### ABOUT THIS EXERCISE
Your copy should hold only the lines from the one with "El Alcalde de" to the one with "今回見つかった写真（左）と碑の拡大部分（右）", both included, each exactly as it stands below, with no pictures.

### TASK INPUT
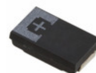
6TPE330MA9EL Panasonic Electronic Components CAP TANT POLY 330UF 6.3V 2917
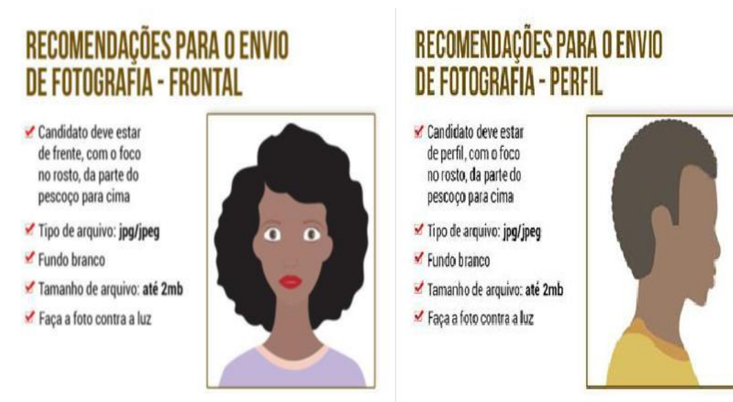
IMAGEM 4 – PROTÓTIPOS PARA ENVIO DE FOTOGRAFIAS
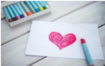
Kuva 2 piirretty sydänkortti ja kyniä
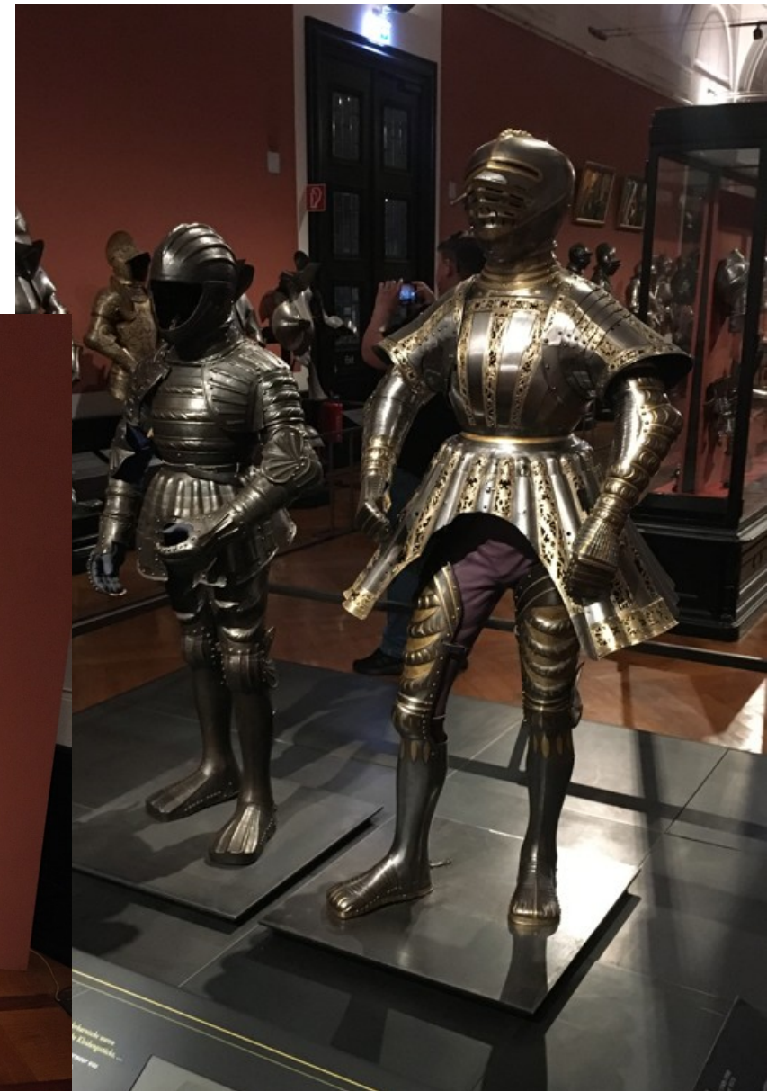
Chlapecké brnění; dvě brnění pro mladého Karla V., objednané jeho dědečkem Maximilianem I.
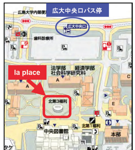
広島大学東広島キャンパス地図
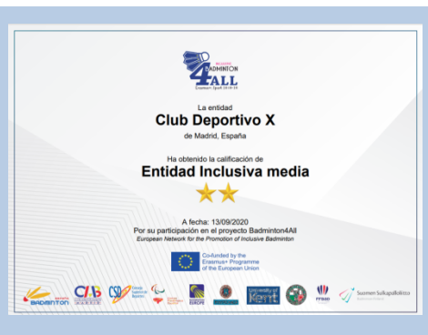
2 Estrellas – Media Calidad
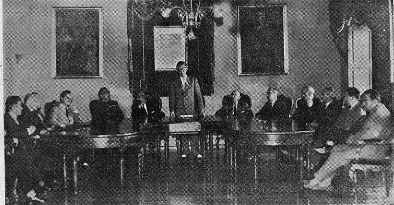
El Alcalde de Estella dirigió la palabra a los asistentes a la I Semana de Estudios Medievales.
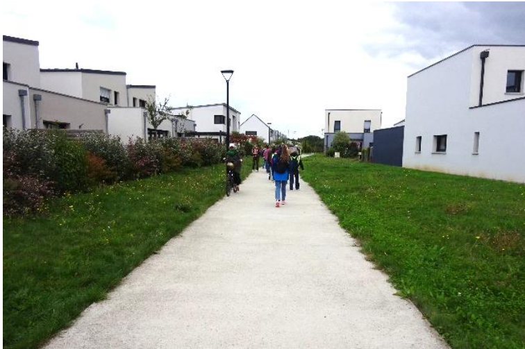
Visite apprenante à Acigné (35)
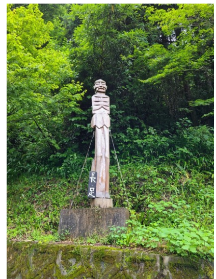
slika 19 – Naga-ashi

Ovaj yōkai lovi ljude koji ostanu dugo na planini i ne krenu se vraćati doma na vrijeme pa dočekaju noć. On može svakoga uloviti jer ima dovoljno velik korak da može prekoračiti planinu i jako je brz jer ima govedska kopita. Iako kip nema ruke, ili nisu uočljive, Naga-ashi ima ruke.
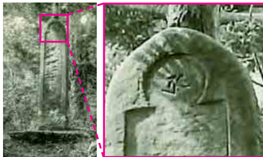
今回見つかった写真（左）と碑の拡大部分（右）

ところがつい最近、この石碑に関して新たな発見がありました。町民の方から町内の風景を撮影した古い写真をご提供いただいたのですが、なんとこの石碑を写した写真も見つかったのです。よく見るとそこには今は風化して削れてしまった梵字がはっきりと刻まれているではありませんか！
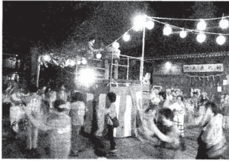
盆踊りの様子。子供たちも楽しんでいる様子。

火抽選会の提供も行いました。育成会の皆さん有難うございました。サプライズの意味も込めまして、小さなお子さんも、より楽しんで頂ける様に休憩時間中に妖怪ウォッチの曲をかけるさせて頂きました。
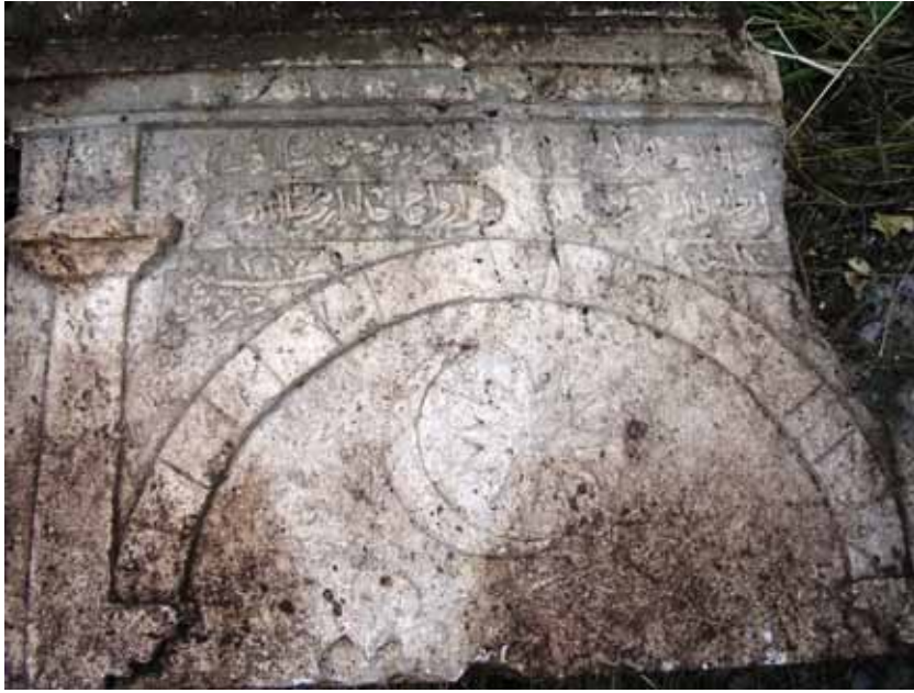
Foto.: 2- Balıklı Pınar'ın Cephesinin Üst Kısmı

---

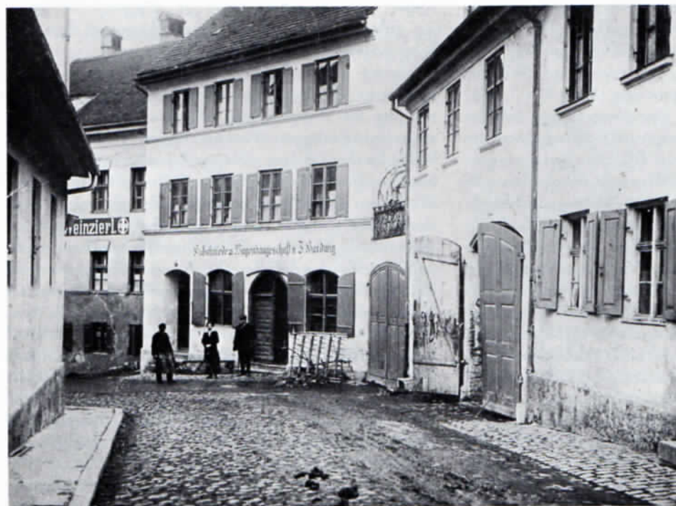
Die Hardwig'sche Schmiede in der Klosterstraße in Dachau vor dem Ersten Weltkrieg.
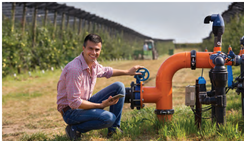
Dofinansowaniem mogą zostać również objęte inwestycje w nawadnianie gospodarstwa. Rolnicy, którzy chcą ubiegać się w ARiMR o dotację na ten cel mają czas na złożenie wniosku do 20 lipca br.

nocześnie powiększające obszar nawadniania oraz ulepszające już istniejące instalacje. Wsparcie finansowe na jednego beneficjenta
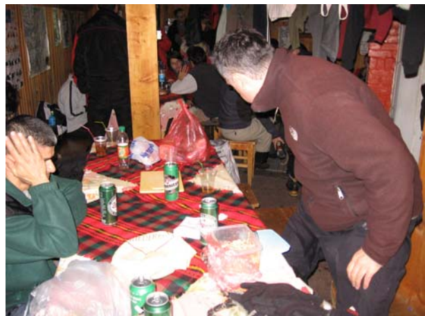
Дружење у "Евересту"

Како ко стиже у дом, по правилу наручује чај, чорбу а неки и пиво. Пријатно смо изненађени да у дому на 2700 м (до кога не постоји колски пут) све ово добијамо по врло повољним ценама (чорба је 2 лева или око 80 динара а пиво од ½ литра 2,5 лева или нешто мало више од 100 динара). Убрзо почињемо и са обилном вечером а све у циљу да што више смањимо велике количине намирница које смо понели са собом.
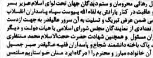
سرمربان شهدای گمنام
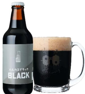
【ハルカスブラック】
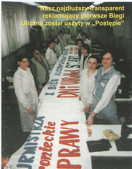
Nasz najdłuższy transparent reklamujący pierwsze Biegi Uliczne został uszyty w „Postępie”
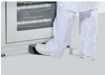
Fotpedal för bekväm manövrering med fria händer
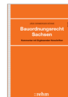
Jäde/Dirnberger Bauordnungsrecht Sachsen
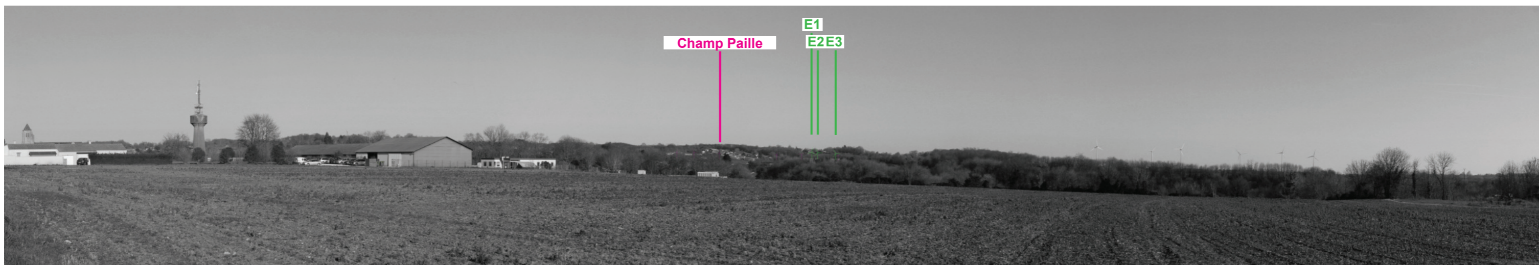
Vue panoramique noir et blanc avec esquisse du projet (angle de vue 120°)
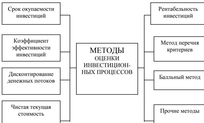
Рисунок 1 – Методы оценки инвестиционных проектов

---

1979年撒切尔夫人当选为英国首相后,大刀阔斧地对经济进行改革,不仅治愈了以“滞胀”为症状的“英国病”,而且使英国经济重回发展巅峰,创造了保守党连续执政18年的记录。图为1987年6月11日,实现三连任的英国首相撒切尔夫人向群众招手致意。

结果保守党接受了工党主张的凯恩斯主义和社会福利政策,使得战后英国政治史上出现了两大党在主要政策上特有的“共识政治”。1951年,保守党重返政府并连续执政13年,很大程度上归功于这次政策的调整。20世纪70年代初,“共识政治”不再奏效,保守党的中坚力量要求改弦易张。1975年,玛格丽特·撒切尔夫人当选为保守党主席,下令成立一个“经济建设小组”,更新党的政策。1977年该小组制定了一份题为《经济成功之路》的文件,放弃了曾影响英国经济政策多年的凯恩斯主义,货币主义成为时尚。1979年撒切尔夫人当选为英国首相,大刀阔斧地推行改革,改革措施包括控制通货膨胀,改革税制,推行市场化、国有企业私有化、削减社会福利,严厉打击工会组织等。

### SOLUTION FOR THIS PROBLEM
El Alcalde de Estella dirigió la palabra a los asistentes a la I Semana de Estudios Medievales.
Visite apprenante à Acigné (35)
slika 19 – Naga-ashi

Ovaj yōkai lovi ljude koji ostanu dugo na planini i ne krenu se vraćati doma na vrijeme pa dočekaju noć. On može svakoga uloviti jer ima dovoljno velik korak da može prekoračiti planinu i jako je brz jer ima govedska kopita. Iako kip nema ruke, ili nisu uočljive, Naga-ashi ima ruke.
今回見つかった写真（左）と碑の拡大部分（右）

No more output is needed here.